De Europese Green Deal moet de ecologische impact van Europa, zowel binnen als buiten haar grenzen, erkennen. Een begrip van moderniteit waarin ‘aardeloosheid’ niet wordt meegerekend is niet alleen incompleet en ontoereikend, maar ook medeplichtig aan het verlies van de aarde. Een eurocentrische en antropocentrische denkwijze is niet in staat echte en betekenisvolle oplossingen aan te dragen. We moeten dekoloniaal en intersectioneel bewust worden van de structurele ongelijkheden die voortkwamen uit het modernisme en de nalatenschap van ‘modern design’ die het bestaansrecht van oorspronkelijke bewoners, vrouwen, mensen van kleur, arbeiders, personen met beperkingen, en andere minderheidsgroeperingen heeft ingeperkt en blijft inperken, waaronder ook degenen die zich op het snijpunt van zulke categorisaties bevinden, zoals vrouwen van kleur.
Kansen bieden
Een goed ontwerp zal ons niet redden uit de klimaatcrisis. Wat we nodig hebben is een transformatie van onze ethiek en onze sociale betrokkenheid. Cultuur kan een speelveld voor zulke veranderingen zijn, maar alleen wanneer we durven erkennen wat er is misgegaan bij processen die winst boven sociaal welzijn hebben geplaatst. Elke herziening of verschuiving van de bouwstenen die de moderniteit nu nog stutten, zal rekening moeten houden met andere economische vormen en productiemethoden: vormen die de ontelbare culturen die zijn weggevaagd of blijvend gekleineerd worden in rekening nemen. Vanuit meerstemmigheid moeten we streven naar een forum waarin onze veelzijdige geschiedenissen en dromen naar waarde worden geschat en hun plek vinden.
We vragen om de culturele Europese Green Deal te heroriënteren in de richting van een transparant en meervoudig proces, in samenwerking en samenspraak.
Talloze gevechten worden al gevoerd om monumenten en namen die het kolonialisme vieren te bestrijden. Dit verzet is niet louter symbolisch, maar eist dat andere geschiedenissen gehoord worden. Onze kritiek op het inzetten van het Bauhaus voor een verondersteld breed Europees initiatief is gelieerd aan deze inspanningen om voorbij een beperkend, monocultureel begrip van Europa te raken, richting een versie van Europa die haar meervoudigheid erkent en koestert. Onze kritiek op het eurocentrisme is geen kritiek op Europa, maar een oproep om de diversiteit van het continent dat we bewonen te erkennen en te appreciëren. Dit vormt de basis voor de democratische deelname aan een ecologisch project waar ieder van ons bij gebaat is.
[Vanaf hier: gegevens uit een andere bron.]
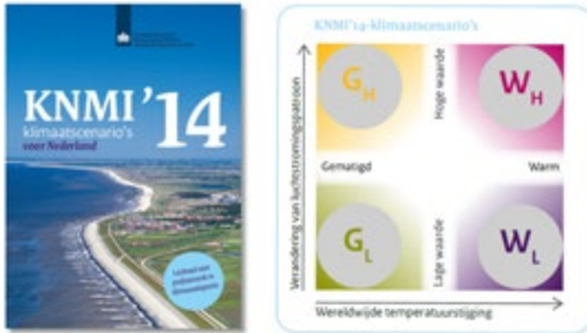
Figuur 4: Vier KNMI'14 scenario's voor klimaatverandering in Nederland.
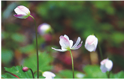
'구례 남바람꽃'.

불처럼 밝고레한 색을 띠는 귀엽고 청초한 꽃. 고결하고 단아한 자태를 지녀 '천진난만한 여인'이라는 꽃말을 가진 꽃. 남쪽 지역에 피는 바람꽃이라 하여 이름 붙은 '남바람꽃'이다. 꽃잎이 없고 꽃받침이 꽃잎처럼 보이는 이 꽃은 앞면은 흰색, 뒷면은 분홍색으로 뒤따가 더 아름답다고 알려졌다. 남바람꽃은 희귀식물 위급종으로 우리지역에는 구례 문정면 급정리 오봉산 자락에 군락지가 있다. 10여 년 전 남바람꽃을 찍기 위해 사진작가들이 몰리고, 시민들의 발길이 이어지며 훼손이 되자 남바람꽃을 아끼는 구례와 광양 주민들이 뭉쳤다. 2019년 우두성 자연생태전문가(위원장), 정연권 야생화전문가, 김인호 사진 작가 겸 시인 등 5명이 모여 '구례남바람꽃보전위원회'를 결성했고 현재 20여 명이 회비로 운영 중이다. “3월말에서 4월초 보통 벚꽃이 지는 시점에 꽃이 피는데 이때가 가장 아름답습니다. 약 10~15일 정도로 짧은 시간 볼 수 있어서 사진 기자들 뿐만 아니라 1000여 명의 시민들이 구경하러 와요. 타지역보다 체계적으로 보존이 잘 돼있고 접근하기 쉬워 구례 남바람꽃 서식지가 인기가 많습니다.”
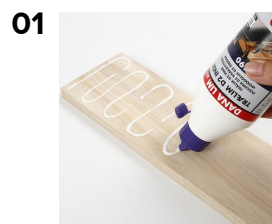
01 Fire lister limes sammen med trælim.
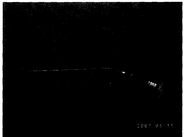
Fig. 3. Restylane with a laryngeal injector needle (26 gauge, Bayonet type).

성형술 후 성문 부전증, 좌측 성대마비 진단하에 후두 미세 수술하에 좌측 성대 내에 Restylane 주입을 계획하였다(Fig. 2). 수술은 전신 마취하에 시행되었으며 후두현수경을 적용한 상태에서 시행되었다. 수술시 Restylane을 26G의 가늘고 긴 바늘(Fig. 3)에 연결하여 성대 중간부위의 성대근(vocalis muscle)과 성대인대(vocal ligament)에 충
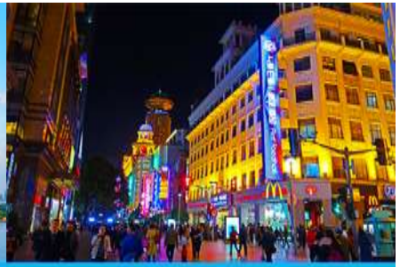
ถนนคนเดินหนานจิงลุ่

หลังอาหารนำท่านเดินทางสู่ นครเซี่ยงไฮ้ 上海 (ระยะทาง 210 กม. ใช้เวลาเดินทางราว 3 ชั่วโมง)
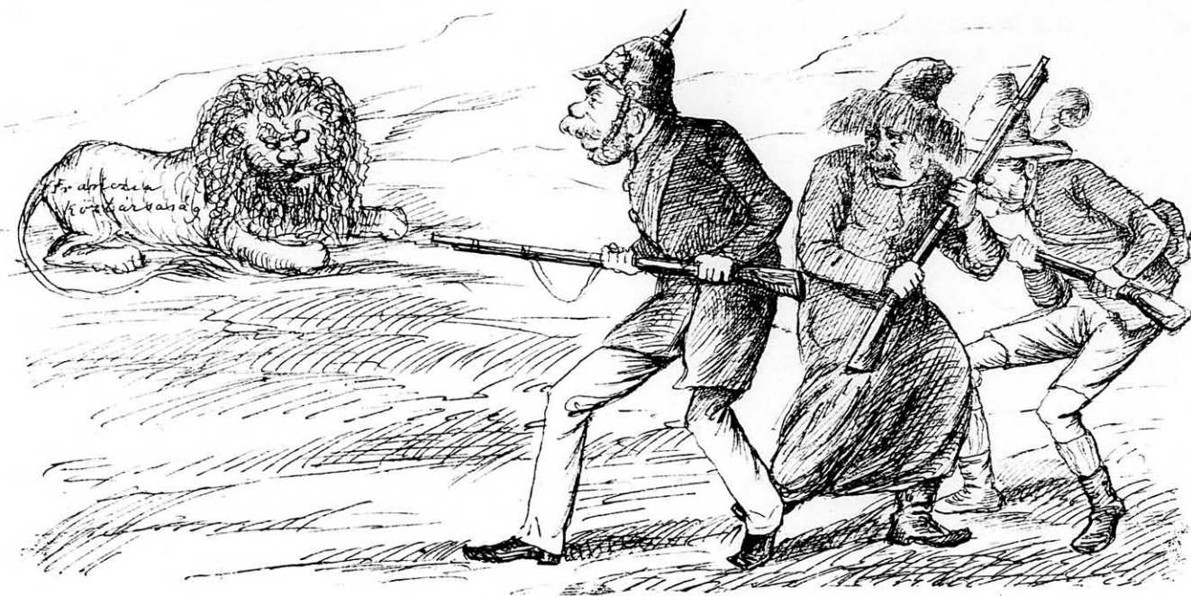
Nyulat kerestek, de oroszlánt találtak.
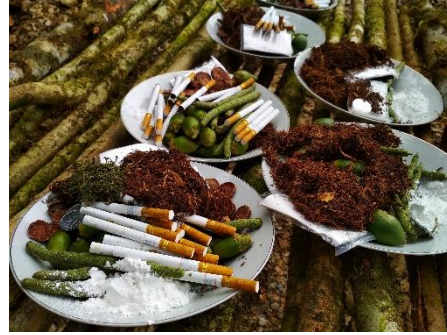
Gambar 7. Ritual Sinara oleh Masyarakat Adat sebagai tanda perijinan operasional RKT dari Masyarakat Adat

Proses Sinara merupakan proses lanjutan terkait dengan sosialisasi mengenai operasional RKT di tahun kedepan setelah terjadi kesepakatan antara pihak perusahaan dan masyarakat pemilik ulayat mengenai hak dan kewajiban kedua belah pihak dengan tanpa paksaan. Sosialisasi RKT juga sebagai media perusahaan untuk mendapatkan informasi mengetahui lokasi – lokasi dimana terdapat hak-hak masyarakat pemilik ulayat seperti situs budaya, kuburan, rumpun sagu ataupun lokasi yang dikeramatkan.
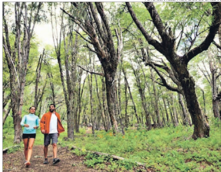
ACTIVIDAD permite conectarse con un privilegiado entorno natural.

In het kader van Bauhaus-plan stelde Ursula von der Leyen voor om vijf projecten in vijf verschillende EU-landen op te starten. De opdracht voor deze initiatieven moet niet top-down gegeven worden, maar zou moeten voortkomen uit de participatieve en open beleidsvormen die we nastreven. We vragen om meer horizontale structuren van besluitvorming, zoals democratisch geleide samenkomsten, om de culturele Europese Green Deal te hernoemen en heroriënteren in de richting van een transparant en meervoudig proces, in samenwerking en samenspraak met degenen die waarschijnlijk de gevolgen het meest zullen dragen.
Laten we deze bredere discussie beginnen met een gesprek over de implicaties van de titel van het Nieuwe Bauhaus en een mogelijk alternatief zoeken dat recht doet aan de talloze stemmen en geschiedenissen die het Europa van vandaag vormen. Een Europa dat actief reageert op de klimaatcrisis is ook een Europa dat het probleem van sociale ongelijkheid en intersectionele vormen van discriminatie aanpakt: we hebben een naam nodig die dat idee bekrachtigt. Een naam die de natuurlijke uitkomst is van een proces van luisteren en deelnemen. Dit kan, zo geloven wij, een transformatieve beweging op gang brengen richting een duurzaam, meerstemmig en sociaal rechtvaardig Europa.